When the LLM returns invalid JSON or the response cannot be parsed, the autograders use **conservative defaults** to avoid biasing scores:

| Criterion Type | Default Verdict | Rationale |
|----------------|-----------------|-----------|
| Positive (weight > 0) | UNMET | Assume requirement not met |
| Negative (weight < 0) | MET | Assume error is present |

This ensures parse failures result in worst-case scores rather than artificially inflating results. For example, if an error-detection rubric has many negative criteria, parse failures won't incorrectly report "no errors found."

```python
# Example: Parse failure with mixed rubric
rubric = Rubric([
    Criterion(weight=1.0, requirement="Is helpful"),      # → UNMET on parse failure
    Criterion(weight=-1.0, requirement="Contains errors"), # → MET on parse failure
])

# If LLM returns invalid JSON, score = 0.0 (worst case)
# rather than being artificially inflated
```

## Score Fields

The `EvaluationReport` returned by `rubric.grade()` contains several score fields:

| Field | Description |
|-------|-------------|
| `score` | Final score (0-1 if normalized, raw weighted sum if `normalize=False`) |
| `raw_score` | Weighted sum before normalization. **Consistent semantics across all graders.** |
| `llm_raw_score` | Original LLM output before conversion.
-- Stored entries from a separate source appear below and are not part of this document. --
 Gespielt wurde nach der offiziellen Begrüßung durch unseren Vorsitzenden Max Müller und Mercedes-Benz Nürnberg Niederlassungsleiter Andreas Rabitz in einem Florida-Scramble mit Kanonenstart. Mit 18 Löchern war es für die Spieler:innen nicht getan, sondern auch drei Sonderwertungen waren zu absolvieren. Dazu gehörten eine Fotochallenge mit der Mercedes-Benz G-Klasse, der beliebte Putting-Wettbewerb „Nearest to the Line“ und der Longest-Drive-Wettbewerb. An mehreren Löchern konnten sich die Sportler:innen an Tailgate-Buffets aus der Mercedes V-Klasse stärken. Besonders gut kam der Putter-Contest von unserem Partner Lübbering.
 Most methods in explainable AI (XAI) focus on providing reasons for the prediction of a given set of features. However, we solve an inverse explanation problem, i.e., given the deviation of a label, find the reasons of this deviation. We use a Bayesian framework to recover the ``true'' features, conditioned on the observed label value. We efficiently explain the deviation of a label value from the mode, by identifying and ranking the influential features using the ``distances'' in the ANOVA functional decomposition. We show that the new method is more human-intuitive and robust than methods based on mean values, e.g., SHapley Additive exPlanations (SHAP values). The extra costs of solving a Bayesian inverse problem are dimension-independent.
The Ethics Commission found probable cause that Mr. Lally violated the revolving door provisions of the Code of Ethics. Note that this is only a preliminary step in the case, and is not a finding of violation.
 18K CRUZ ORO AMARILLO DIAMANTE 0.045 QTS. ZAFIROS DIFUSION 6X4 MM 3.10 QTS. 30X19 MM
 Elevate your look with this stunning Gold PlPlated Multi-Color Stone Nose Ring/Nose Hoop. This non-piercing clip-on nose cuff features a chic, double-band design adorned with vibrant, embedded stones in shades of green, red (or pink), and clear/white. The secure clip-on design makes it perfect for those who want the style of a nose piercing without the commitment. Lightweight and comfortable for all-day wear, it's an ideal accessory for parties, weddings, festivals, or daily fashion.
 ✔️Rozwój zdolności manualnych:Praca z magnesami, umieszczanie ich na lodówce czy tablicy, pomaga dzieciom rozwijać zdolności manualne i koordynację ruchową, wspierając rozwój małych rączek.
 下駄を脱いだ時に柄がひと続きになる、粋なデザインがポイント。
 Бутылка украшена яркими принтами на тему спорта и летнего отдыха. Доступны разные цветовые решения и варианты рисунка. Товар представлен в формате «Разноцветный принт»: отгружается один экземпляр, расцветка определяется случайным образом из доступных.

For `RubricAsJudgeGrader`, this is the 0-100 score. |
| `report` | Per-criterion breakdown (None for `RubricAsJudgeGrader`) |

**Cross-Grader Consistency:** `raw_score` uses weighted-sum semantics across all graders, enabling direct comparison:

```python
# Same rubric, different graders - raw_score is comparable
result1 = await rubric.grade(text, autograder=PerCriterionGrader())
result2 = await rubric.grade(text, autograder=RubricAsJudgeGrader())

# Both raw_scores are on the same scale (weighted sum)
print(result1.raw_score)      # e.g., 12.75
print(result2.raw_score)      # e.g., 12.75 (converted from LLM's 85/100)
print(result2.llm_raw_score)  # e.g., 85.0 (original LLM output)
```

## Loading Rubrics

```python
# Direct construction
rubric = Rubric([
    Criterion(weight=10.0, requirement="States Q4 2023 base margin as 17.2%"),
    Criterion(weight=8.0, requirement="Explicitly uses Shapley attribution for decomposition"),
    Criterion(weight=-15.0, requirement="Uses total deliveries instead of cash-only deliveries")
])

# From list of dictionaries
rubric = Rubric.from_dict([
    {"weight": 10.0, "requirement": "States Q4 2023 base margin as 17.2%"},
    {"weight": 8.0, "requirement": "Explicitly uses Shapley attribution for decomposition"},
    {"weight": -15.0, "requirement": "Uses total deliveries instead of cash-only deliveries"}
])

# From JSON string
rubric = Rubric.from_json('[{"weight": 10.0, "requirement": "Example requirement"}]')

# From YAML string
yaml_data = '''
- weight: 10.0
  requirement: "Example requirement"
'''
rubric = Rubric.from_yaml(yaml_data)

# From files
rubric = Rubric.from_file('rubric.json')
rubric = Rubric.from_file('rubric.yaml')
```

### JSON Format

```json
[
  {
    "weight": 10.0,
    "requirement": "States Q4 2023 base margin as 17.2%"
  },
  {
    "weight": 8.0,
    "requirement": "Explicitly uses Shapley attribution for decomposition"
  },
  {
    "weight": -15.0,
    "requirement": "Uses total deliveries instead of cash-only deliveries"
  }
]
```

### YAML Format

```yaml
- weight: 10.0
  requirement: "States Q4 2023 base margin as 17.2%"
- weight: 8.0
  requirement: "Explicitly uses Shapley attribution for decomposition"
- weight: -15.0
  requirement: "Uses total deliveries instead of cash-only deliveries"
```

## Requirements

- Python 3.10+
- An LLM API (e.g., OpenAI, Anthropic, OpenRouter) - set appropriate API keys as environment variables

## License

MIT License - see LICENSE file for details.